Why I stopped using Gmail - jonemo
http://neubertify.tumblr.com/post/17218441386/why-i-stopped-using-gmail

======
fluidcruft
What resonates with me is the growing feeling of vulnerability with google
integrating everything and weaving it through my entire online existence
coupled with their arrogant refusal to deal with people except through deaf
automated machines. It feels like you're playing hide-and-seek with a giant
growing robotic panopticon that's trying to find arbitrary infractions as an
excuse to disable access to Gmail. It's probably an irrational fear, I haven't
been targeted yet (and neither has anyone I know), but I have also never had
any positive experiences with google customer support. Fear is fear and it's
insidious in a relationship. Maybe if I had a positive experience with google
customer support at any point in my almost 8-year relationship with the
company--anything to help me believe that "things won't be so bad" should
things go wrong, I would feel differently. Heck, if they just sold real
support at some fixed price/event I would probably be OK. I don't like feeling
like helpless input to a triage operation.

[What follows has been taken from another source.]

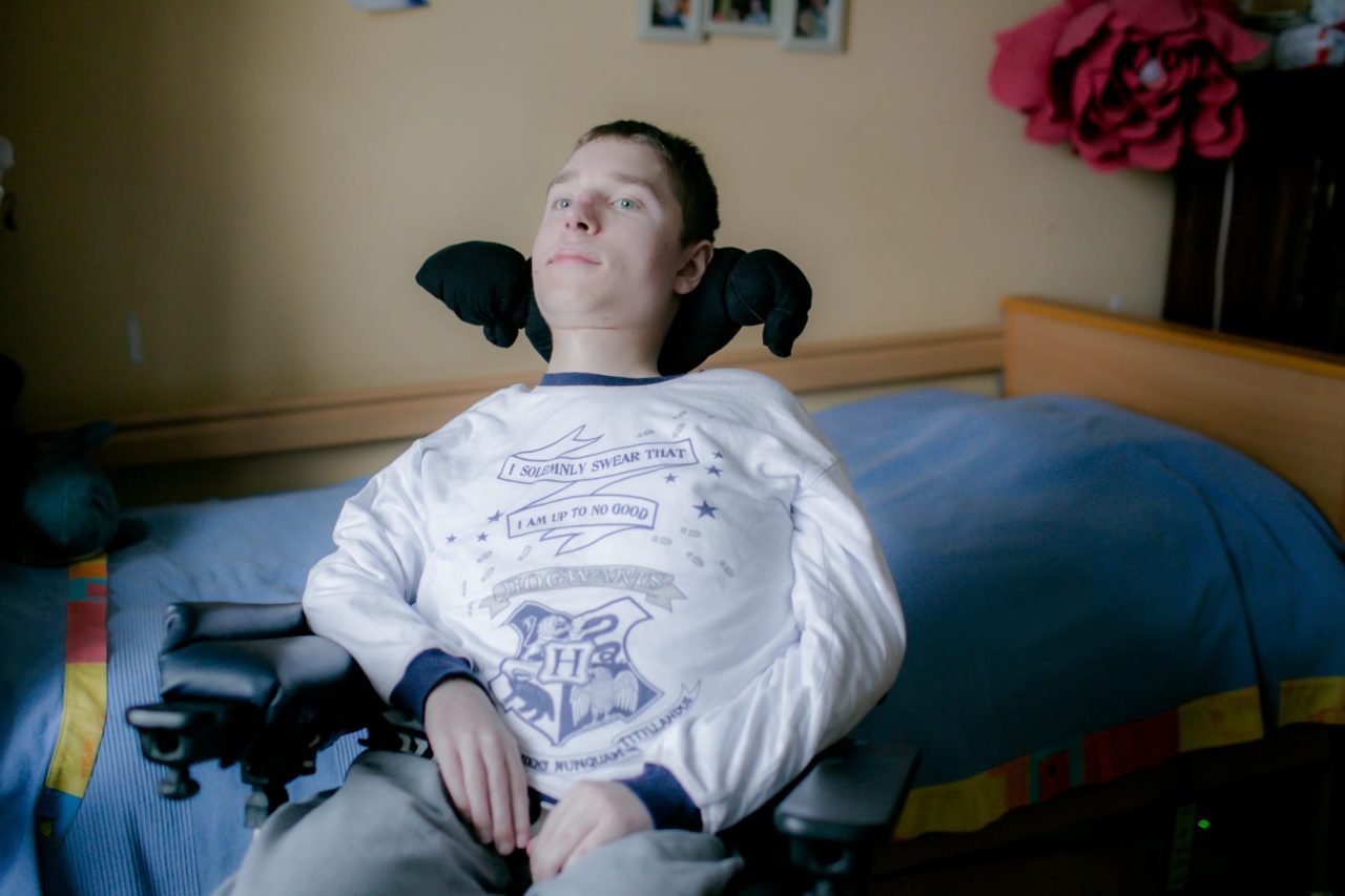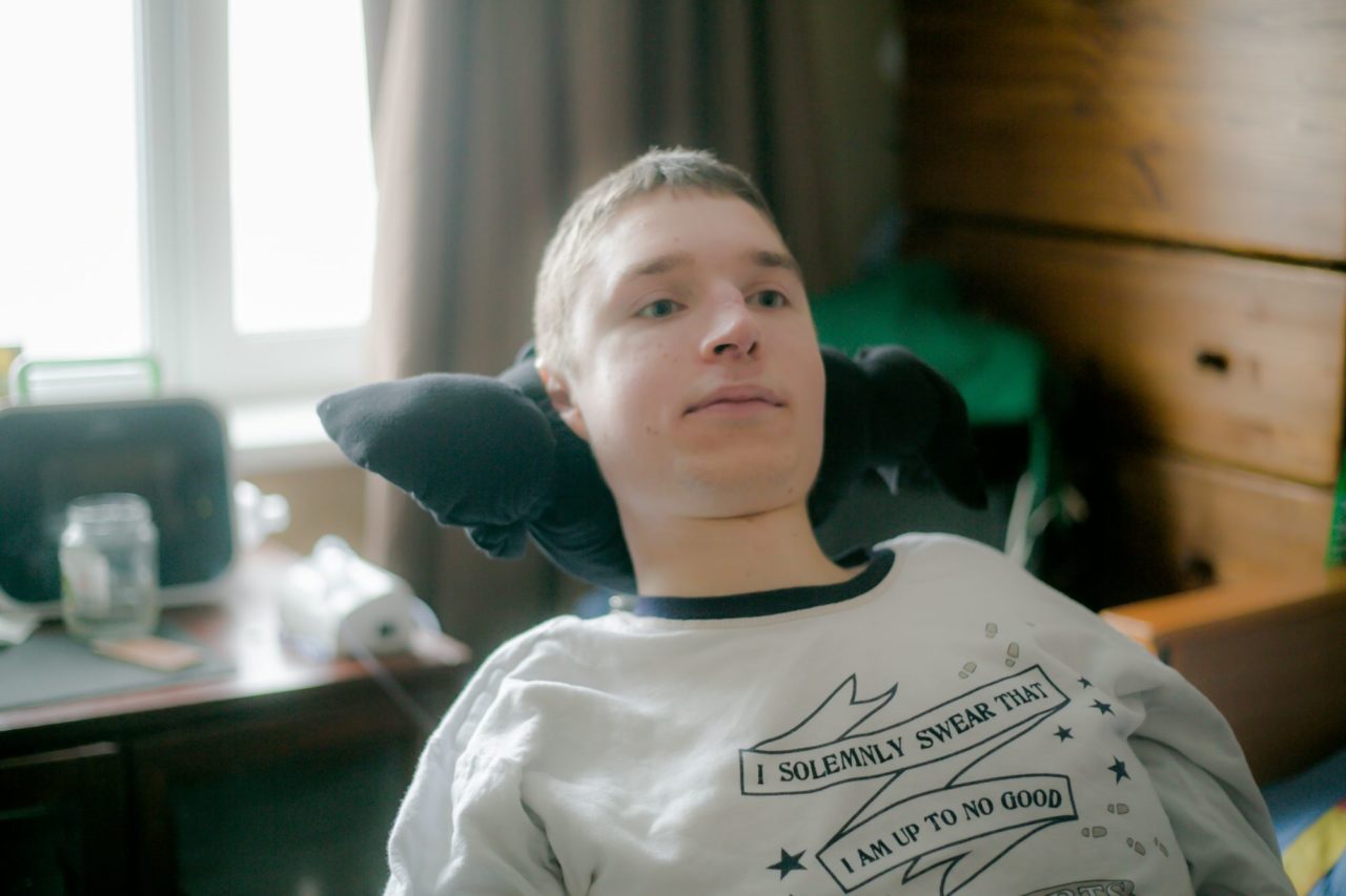 Илья, как и Дженнет, передвигается на инвалидной коляске, но диагноз у него другой — миодистрофия Дюшенна. Это тоже генетическое заболевание, разрушающее мышцы с самого детства. Оно практически обездвижило Илью.

For me, the Google warm fuzzies have all been evaporating since Google+ rolled
out and people started to lose access to their Gmail because of pseudonyms on
Google+. Now, bugs in a rollout are to be expected, but it was the stubborn-
headed defenses of the policy and bans by deaf Googlers that's the most
threatening to nobodies like me. Yeah Google fixed problems for VIPs, but I'm
not a VIP. Unfortunately, Google really hasn't done anything to regain my
trust and they continue to hide behind their machines while growing the beast
larger.

Unfortunately for Google this all made the reality of my relationship with
them very clear to me--Google is just maintaining a big enough herd that it
sells to advertisers. It's the herd that matters, strays are expendable. In
the months before Google+ rolled out I purchased my first smartphone (Android)
to bring Google and Gmail further into my life. In the aftermath of Google+,
I'm looking for ways out. I used to centralize all my email at Gmail, but I've
started to undo that. For now I still have Android Market on my phone, but the
other apps are being slowly purged and replaced as I have time to explore and
learn about alternatives. (It also does not help that search has become awful
seemingly in the last month or so. The latest example is that for whatever
reason (even using verbatim mode/personalized/world etc) if you search for
"octave blah blah" looking for information about using GNU Octave, Google's
search insists on showing me page after page of results for "matlab blah blah"
instead.)

My goal now is to make my Google account expendable. If I lose access, I want
to be able to just easily create a new one. Clearly the fundamental problem is
I place more value on my account than google places on me. I am toying with
deliberately destroying my google accounts following a schedule of a few
months (the only thing holding me back is my library of Android Market
purchases)--I already do periodic deletions of my other social networking
sites just because I find ekarma/gamification counterproductive to happiness.

------
mvkel
Solution: use Gmail inside a native mail client like Apple Mail or Outlook.
All of these "issues" are inherent to Google's style guide and have nothing to
do with Gmail as a product. In fact, almost all of his complaints are about
Google+!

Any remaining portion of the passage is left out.